While I believe that liars, cheaters, and thieves are a very small minority of the industry, the SEC spends a significant amount of time and resources trying to detect their bad behavior and to prevent them from harming investors.

You must also.  From the moment you hire your second employee, or your 20th, or your 2,000th, the odds increase that you have employed someone who will resort to bad acts to separate other people from their money.

My first boss in the industry ran our legal and compliance department, which oversaw well over one thousand employees.  In a memorable, but earthy, metaphor, he used to declare, “We have it good.  We get to work with smart people in an interesting business.  We help our clients achieve their financial goals.  Our employees make a good living and provide for their families.  This is a great company.  We (and here he was talking about the leadership of the firm, not just the compliance team) are like lifeguards at the community pool, watching the swimmers’ heads bob in the water.  Most are having fun, following the rules of the pool, but you just know that someone may be out there, peeing in the pool, ruining it for everyone.  Our job is to find that person.”
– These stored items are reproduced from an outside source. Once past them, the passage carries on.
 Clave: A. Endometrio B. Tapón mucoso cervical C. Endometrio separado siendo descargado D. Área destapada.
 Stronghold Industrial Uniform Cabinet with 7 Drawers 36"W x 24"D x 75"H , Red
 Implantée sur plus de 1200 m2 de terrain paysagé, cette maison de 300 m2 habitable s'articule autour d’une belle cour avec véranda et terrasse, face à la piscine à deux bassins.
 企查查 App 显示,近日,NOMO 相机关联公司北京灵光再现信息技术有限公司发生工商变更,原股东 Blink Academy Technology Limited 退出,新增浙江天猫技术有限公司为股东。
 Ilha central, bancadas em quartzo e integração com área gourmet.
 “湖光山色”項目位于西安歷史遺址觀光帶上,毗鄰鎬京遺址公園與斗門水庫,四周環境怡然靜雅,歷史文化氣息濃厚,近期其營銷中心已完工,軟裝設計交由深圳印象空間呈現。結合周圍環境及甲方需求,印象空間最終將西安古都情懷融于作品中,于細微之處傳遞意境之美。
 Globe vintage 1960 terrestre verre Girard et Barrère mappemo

Indeed, this may be where our interests are most closely aligned.  No one wants liars, cheaters, or frauds in their firms or in the industry.

Reckless People
OCIE also sees people who behave recklessly.  They forget that they are fiduciaries and caretakers of their clients’ money.
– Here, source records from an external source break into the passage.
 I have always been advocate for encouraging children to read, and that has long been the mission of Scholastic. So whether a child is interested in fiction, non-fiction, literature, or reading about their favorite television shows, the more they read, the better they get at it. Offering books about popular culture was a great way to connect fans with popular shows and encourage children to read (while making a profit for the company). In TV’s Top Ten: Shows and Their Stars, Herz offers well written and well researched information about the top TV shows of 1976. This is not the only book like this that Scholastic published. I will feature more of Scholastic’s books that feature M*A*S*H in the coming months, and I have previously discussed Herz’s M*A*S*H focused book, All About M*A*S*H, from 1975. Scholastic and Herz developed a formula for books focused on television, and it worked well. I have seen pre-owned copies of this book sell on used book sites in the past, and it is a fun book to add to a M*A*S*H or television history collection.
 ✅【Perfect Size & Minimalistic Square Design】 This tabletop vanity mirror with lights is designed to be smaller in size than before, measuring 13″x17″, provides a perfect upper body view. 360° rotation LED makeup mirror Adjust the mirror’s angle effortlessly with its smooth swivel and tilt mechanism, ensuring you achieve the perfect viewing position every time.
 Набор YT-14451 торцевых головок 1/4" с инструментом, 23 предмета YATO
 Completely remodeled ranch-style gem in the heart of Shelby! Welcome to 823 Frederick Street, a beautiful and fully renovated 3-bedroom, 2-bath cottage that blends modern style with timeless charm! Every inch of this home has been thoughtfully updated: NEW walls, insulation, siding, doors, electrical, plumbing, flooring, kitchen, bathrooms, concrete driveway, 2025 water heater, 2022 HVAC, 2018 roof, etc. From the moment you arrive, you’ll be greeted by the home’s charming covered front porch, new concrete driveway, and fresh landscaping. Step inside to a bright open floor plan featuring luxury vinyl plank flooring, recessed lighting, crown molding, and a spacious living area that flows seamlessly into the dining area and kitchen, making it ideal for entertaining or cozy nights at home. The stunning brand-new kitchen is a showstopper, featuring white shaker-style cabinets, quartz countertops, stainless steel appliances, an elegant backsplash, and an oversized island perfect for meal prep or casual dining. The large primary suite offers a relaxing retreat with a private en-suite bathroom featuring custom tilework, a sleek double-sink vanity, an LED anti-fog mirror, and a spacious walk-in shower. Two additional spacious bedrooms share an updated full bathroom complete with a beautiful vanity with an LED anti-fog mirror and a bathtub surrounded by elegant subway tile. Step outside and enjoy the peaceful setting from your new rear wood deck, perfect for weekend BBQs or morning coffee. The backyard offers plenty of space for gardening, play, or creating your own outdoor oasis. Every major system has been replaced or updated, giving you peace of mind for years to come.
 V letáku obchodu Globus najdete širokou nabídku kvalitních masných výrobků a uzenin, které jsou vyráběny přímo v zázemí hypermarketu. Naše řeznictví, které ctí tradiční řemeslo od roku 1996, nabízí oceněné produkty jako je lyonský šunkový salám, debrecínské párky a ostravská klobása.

For example, you may have seen that the Division of Enforcement recently brought a settled case[1] against a firm that adopted practices that gave the firm’s 60 employees total control of clients’ funds without implementing any appropriate safeguards.  The firm enabled its employees to access and to transfer client funds through the use of (1) pre-signed letters of authorization; (2) cutting and pasting client signatures on LOAs; (3) and retaining logins and passwords to access their clients’ outside accounts.

Let me pause here and say, “I get it.”  The firm was likely trying to provide a service to its clients by enabling them to easily transfer funds.  But, importantly, the record is devoid of any facts indicating that the firm had adopted reasonable controls to ensure that disbursements of client funds by pre-signed LOAs, or cut-and-pasted signatures, or remote log-in were actually authorized by the client.  It was an accident waiting to happen.

It could have been a problem employee with a drug, alcohol, or gambling problem who was tempted to misappropriate client funds … or it could have been a client who tried to stick it to the firm and falsely claim that a withdrawal or series of withdrawals were unauthorized and there would be no record of the authorization.  Someday, somehow, the absence of controls was going to bite the firm.

As it turned out, the inadequacy of the firm’s controls was exposed when a hacker gained control of a client’s email account and, posing as the client, emailed instructions for the firm to wire almost $300,000 to a foreign bank account designated by the hacker.  The firm acted upon the hijacked e-mail without question or further inquiry, and the client’s money was gone.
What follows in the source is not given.